In the ownership of the dog, Lourenco Goncalves, CEO of the US steelmaker Cleveland-Cliffs, is ready for the calculated unconventional bada bing. He is so confident that he will get everything (car, house, last penny) from Eiji Hashimoto, CEO of Nippon Steel, that he told reporters that he has started checking the rules for exporting dogs from Japan to the US.

The vituperation built from there. This week’s press conference — supposedly called to explain Cleveland-Cliffs plans to buy US Steel Now President Joe Biden is blocking Nippon’s bid on national security – there’s something more sinister than the usual M&A battle. It fits comfortably, however, in the context of the week before Donald Trump was sworn in.

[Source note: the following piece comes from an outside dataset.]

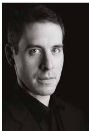
Directeur musical de l'Opéra de Limoges

Nippon Steel filed a lawsuit accusing Goncalves of running a campaign to derail its merger with US Steel and of using tactics “more befitting of a mafia boss than the CEO of a company which is marketed to the public”. Goncalves, who said he would take legal action against Hashimoto in the US over the allegations, turned his response into a scathing, scathing attack on Japan itself. In it he warned several times of the folly of crossing Trump and, at one point, took out an American flag.

“China is bad. China is bad. China is terrible. But Japan is worse,” he said, adding: “You haven’t learned anything since 1945. You haven’t learned how good we are. , how kind we are.” He added: “Stop sucking our blood.”

All of this is really disturbing. Many have decided to dismiss Goncalves’ performance as spectacularly insane, and the attack on Japan as an angry, counterfactual haymaker.

A wiser take might be to look at it, however ugly, for its relevance, its origins and for its precise blowing of convention. Trump’s rise and return is framed by some as a moving series of rejections, by him and his supporters, of ideas, institutions, behaviors and interpretations that for a long time seemed unstoppable. This is an environment where Japan must be cautious, but at least now it has a sense of where the attack is coming from.

In a key moment, Goncalves recommended that his audience watch a revealing YouTube video of Trump who was interviewed by Larry King in 1987. In it, the incoming president railed against Japan as a “money machine” to which the US is more hospitable and generous. He was tired, he said, “of seeing other countries destroy the United States”.

Trump is certainly not alone in that interpretation: a common note of despair over US economic growth is being made just as Japan’s bubble is expanding and US supremacy is in real doubt. Profits for Japanese makers of steel, electronics, cars and motorcycles have come, indisputably, at the expense of American rivals.

Trump may be too busy to swallow the many serious analyzes published in the period dissecting US-Japan relations with warnings against Japan’s industrial policy, and nervousness around American deindustrialization. . But the sense of full-blown economic conflict is in the ether. Benevolent America versus advantage-taking Japan — its companies are putting US rivals out of business even as Washington guarantees Japan’s defense.

Goncalves did not invent the basis for the attack on Japan, but seized it from a moment in history that many had long ago decided to move on from, for many good reasons. Japan’s relative decline is one of them; the emergence of China as a greater threat is another.

Most important going forward, however, is the narrative corporate America and its investors have deployed for nearly four decades to convince themselves that deindustrialization is, ultimately, a good thing for profits and growth. That narrative may be ready for rejection and with it the many conventions that accompany the steady tightening of US-Japan relations.

Goncalves’ tirade may prove to be a one-off but the environment in which it arose was normal. Nippon Steel, in keeping with convention, declined to comment on whether Hashimoto had a dog.